Эдгар быстро и легко взобрался на поваленный ствол, пробежал по нему и сел рядом с другом.

— Ну, чего? — спросил Федька.

— Ничего, — угрюмо отозвался приятель. — Вообще-то неохота уезжать.

— Ты же сам говорил, — подбодрил Федька, раскидывая руки. — У вас там море во-от такое…

— А ты помнишь, как мы с тобой дрались?

— Помню. Ну и что?

— Я сейчас сильнее стал?

— Факт.

— Когда приеду в Латвию… Если кто фашистом обзовет, всем морду побью.

Марта вошла в избу Катерины. Та мыла полы.

— Вот, пришла попрощаться, — улыбнулась гостья.

— С кем? — угрюмо отозвалась хозяйка, распрямляясь с тряпкой в руке.

— С тобой, с Майгой.

Катерина оттолкнула ногой ведро, с маху бросила в него тряпку, пристально посмотрела на гостью:

— Никак не возьму в толк — блажная ты или придуриваешься?

Марта удивленно вскинула брови, обежала взглядом комнату. Только теперь она заметила, что занавески, отделявшей закуток в углу, не было. И топчан стоял голый, непокрытый.

— Она что, переехала? — осторожно спросила Марта, подозревая ссору между Катериной и Майгой. — К кому?

Катерина молчала, не сводя с Марты тяжелого недоверчивого взгляда.

— А ты ничего не знаешь? И не знала?

— Чего именно?

— Ну, что за птица — подружка твоя? И за что ее сюда приперли?

— Почему не знала? Знала. Она в офицерском казино при немцах работала.

— Ха-ха… — Едко засмеялась Катерина. — Этой басней она и меня дурачила. Сегодня утром, когда за ней пришли, то же самое твердила. Пока уполномоченный ей в нос фото не сунул. Надзирательница в лагере фашистском — вот кто она.

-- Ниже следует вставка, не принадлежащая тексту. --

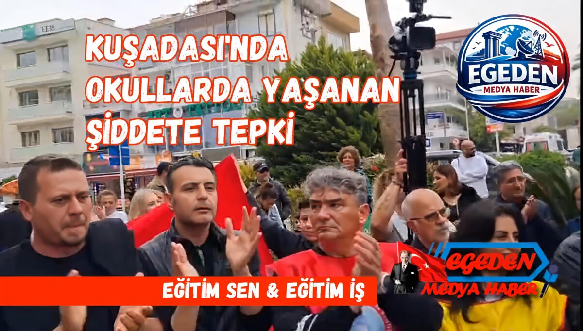 Kuşadası’nda Eğitim Sen ve Eğitim-İş öncülüğünde düzenlenen basın açıklamasında, okullarda artan şiddet olaylarına sert tepki gösterildi. Öğretmenler, veliler ve vatandaşlar “güvenli okul” talebiyle bir araya geldi.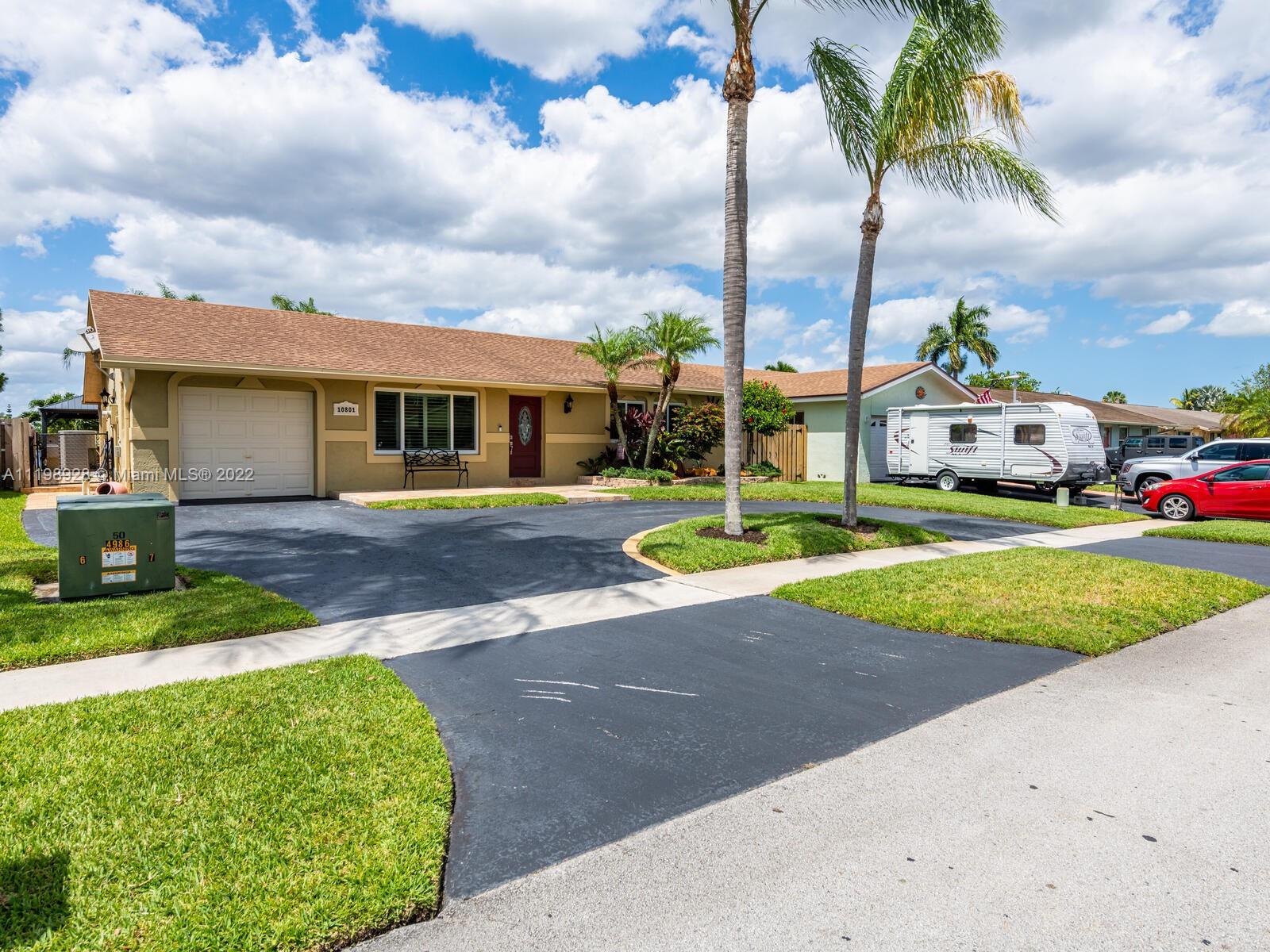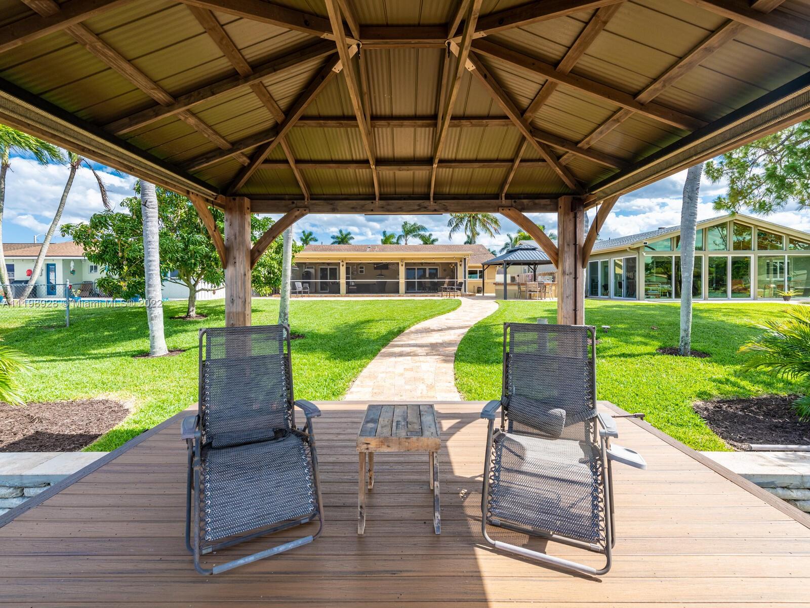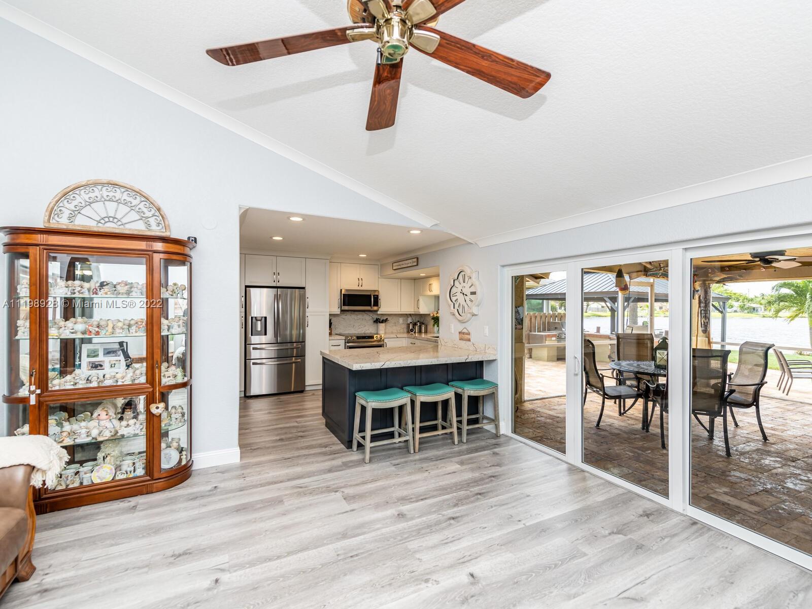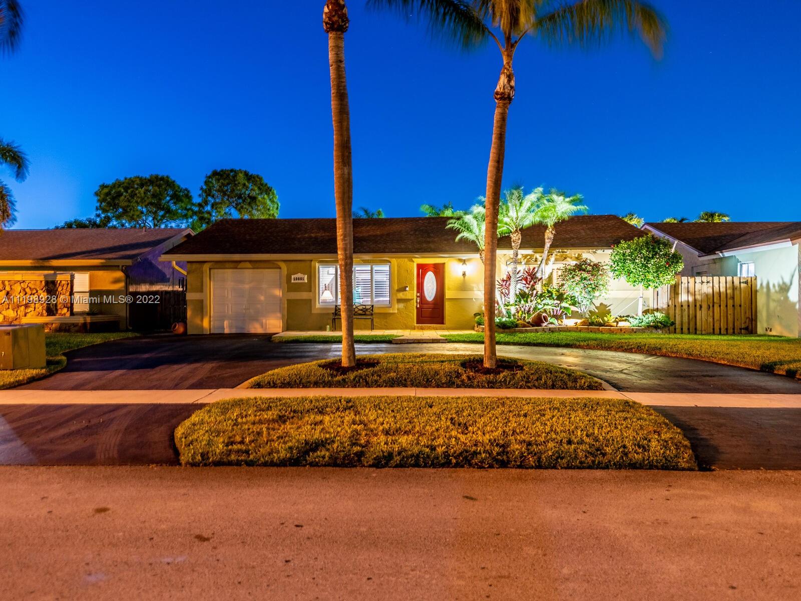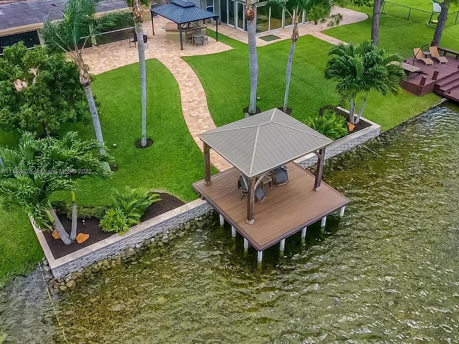 Indulgent tropical paradise from the moment you step out of the back doors leading to an enclosed & covered 20x80' travertine patio, just outside that you will find the outdoor kitchen & shed. The yard has a mature mango tree, sprawling palms, & massive lake view with 80' water frontage. Extended yard leads to a custom dock with pavilion & sunshade. The home has been immaculately maintained & extensively updated with all impact windows and doors (including the garage) & a newly upgraded kitchen, including spotless Samsung appliances & a/c unit all about a year and 1/2 new. You'll enjoy the customs closets, updated guest bath, & high end laminate flooring in most of the main area. You can see the pride in ownership reflected throughout this highly sought after lakefront home in Sunrise!!!

Марта, потрясенная, молчала. Невольно припомнились все предыдущие разговоры с Майгой и та последняя стычка, когда она фактически выгнала землячку из дому. Чувствовала ведь: Майга что-то скрывает, неискренняя она и злобная, но чтобы так…

— Но я действительно ничего не знала. Хочешь верь, хочешь нет, — сгорая от стыда, сказала Марта.

— Сука фашистская… Уж как она тебя поливала грязью. И такая, и сякая…

— Ну что ж, — тяжело вздохнула Марта. — Я со своей правдой ни к кому не лезу. Спасибо тебе за Эдгара, за добро… А если что и не так… Извини — какая есть. — Она повернулась и шагнула к выходу.

— Погоди, коли не врешь, — остановила ее Катерина. Вытерла о передник руки, подошла к Марте, повернула к себе лицом. — Обиделась? На меня зла не держи — много я за эту войну хлебнула. И еще, видно, хлебать-не расхлебаться. Самой от себя иногда тошно. А ты баба ничего. Хоть и блажная, но ничего. Пусть тебе будет удача. — Она притянула Марту к себе и троекратно, по-русски, расцеловала. — Иди.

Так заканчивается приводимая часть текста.